ASSIGNED TASK. Everything in the records below from the line containing "다시 엔진으로 돌아가서" through the line containing "The activity fires" is to be reproduced exactly, those two lines included; no picture is to be copied.

RECORDS TO PROCESS.
★ ★ ★ ★ ★ ★ ★

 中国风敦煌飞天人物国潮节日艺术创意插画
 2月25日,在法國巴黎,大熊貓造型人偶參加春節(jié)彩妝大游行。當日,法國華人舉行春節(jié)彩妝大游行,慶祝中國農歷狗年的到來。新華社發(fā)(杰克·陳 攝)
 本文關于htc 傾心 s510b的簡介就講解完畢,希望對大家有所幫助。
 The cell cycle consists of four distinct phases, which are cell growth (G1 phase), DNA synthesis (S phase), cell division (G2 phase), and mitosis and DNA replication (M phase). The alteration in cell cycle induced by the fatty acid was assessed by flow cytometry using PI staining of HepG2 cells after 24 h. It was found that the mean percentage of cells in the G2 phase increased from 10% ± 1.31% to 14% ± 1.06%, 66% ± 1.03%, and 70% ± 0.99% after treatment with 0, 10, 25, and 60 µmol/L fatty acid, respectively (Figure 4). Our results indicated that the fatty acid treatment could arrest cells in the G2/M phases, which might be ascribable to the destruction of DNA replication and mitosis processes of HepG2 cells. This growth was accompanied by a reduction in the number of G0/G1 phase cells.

★ ★ ★ ★ ★ ★ ★

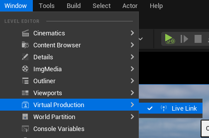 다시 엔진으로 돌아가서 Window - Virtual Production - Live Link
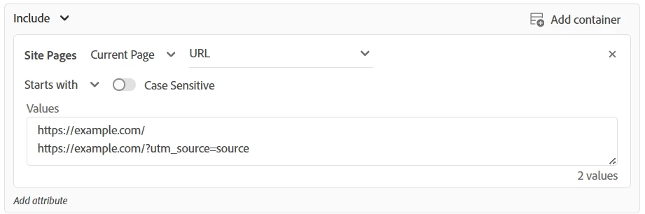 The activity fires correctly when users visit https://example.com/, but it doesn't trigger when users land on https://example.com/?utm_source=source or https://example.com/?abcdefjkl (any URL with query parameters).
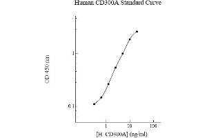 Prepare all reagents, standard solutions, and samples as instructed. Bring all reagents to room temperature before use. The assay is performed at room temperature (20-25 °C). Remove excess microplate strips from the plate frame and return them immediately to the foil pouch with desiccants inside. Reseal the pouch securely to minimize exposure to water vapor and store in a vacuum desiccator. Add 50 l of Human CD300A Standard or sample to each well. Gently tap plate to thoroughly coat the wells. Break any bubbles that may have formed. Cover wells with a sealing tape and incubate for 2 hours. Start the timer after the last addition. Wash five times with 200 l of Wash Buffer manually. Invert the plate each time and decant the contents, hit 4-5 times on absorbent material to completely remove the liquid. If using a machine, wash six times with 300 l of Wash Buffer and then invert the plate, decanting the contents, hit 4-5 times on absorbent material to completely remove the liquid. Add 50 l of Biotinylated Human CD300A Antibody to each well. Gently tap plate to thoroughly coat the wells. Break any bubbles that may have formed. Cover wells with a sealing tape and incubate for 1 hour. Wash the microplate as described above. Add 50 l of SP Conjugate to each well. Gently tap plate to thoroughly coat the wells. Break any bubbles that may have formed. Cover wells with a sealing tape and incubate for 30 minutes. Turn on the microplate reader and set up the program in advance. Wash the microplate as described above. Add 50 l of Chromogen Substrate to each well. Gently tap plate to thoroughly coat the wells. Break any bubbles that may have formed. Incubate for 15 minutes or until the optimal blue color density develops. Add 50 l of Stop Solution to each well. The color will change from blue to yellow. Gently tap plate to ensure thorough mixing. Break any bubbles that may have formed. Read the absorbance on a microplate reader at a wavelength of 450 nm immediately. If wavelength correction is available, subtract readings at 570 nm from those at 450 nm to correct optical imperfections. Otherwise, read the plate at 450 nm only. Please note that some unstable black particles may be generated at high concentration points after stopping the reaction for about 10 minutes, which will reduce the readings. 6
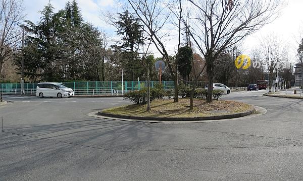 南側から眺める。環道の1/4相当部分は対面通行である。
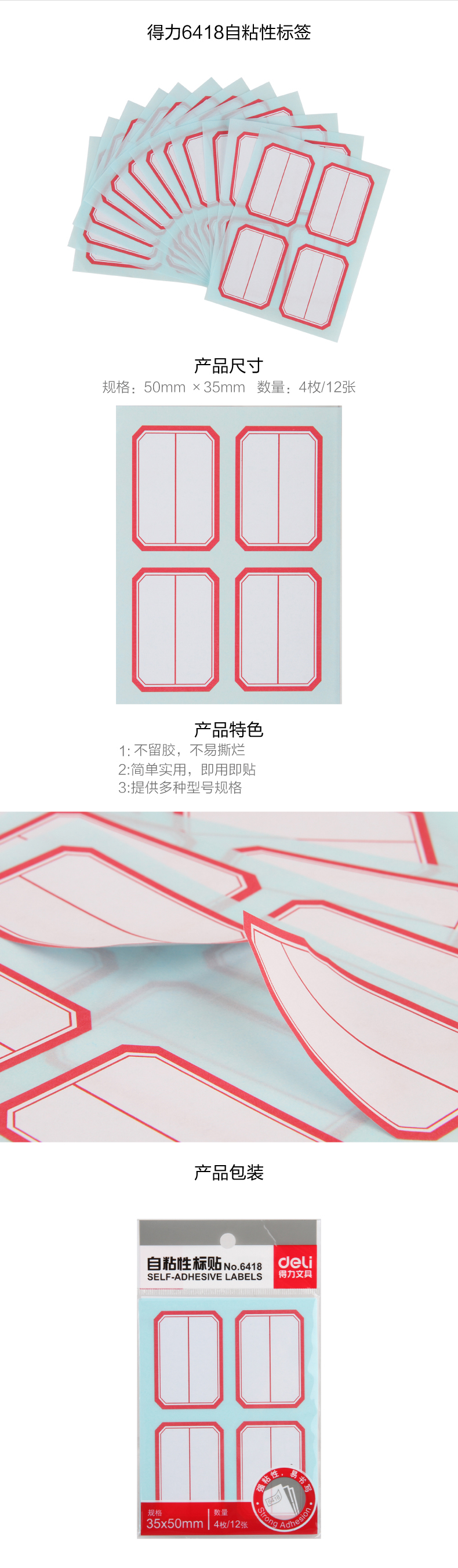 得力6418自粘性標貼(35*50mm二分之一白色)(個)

★ ★ ★ ★ ★ ★ ★

WRITTEN SOLUTION.
 다시 엔진으로 돌아가서 Window - Virtual Production - Live Link
 The activity fires correctly when users visit https://example.com/, but it doesn't trigger when users land on https://example.com/?utm_source=source or https://example.com/?abcdefjkl (any URL with query parameters).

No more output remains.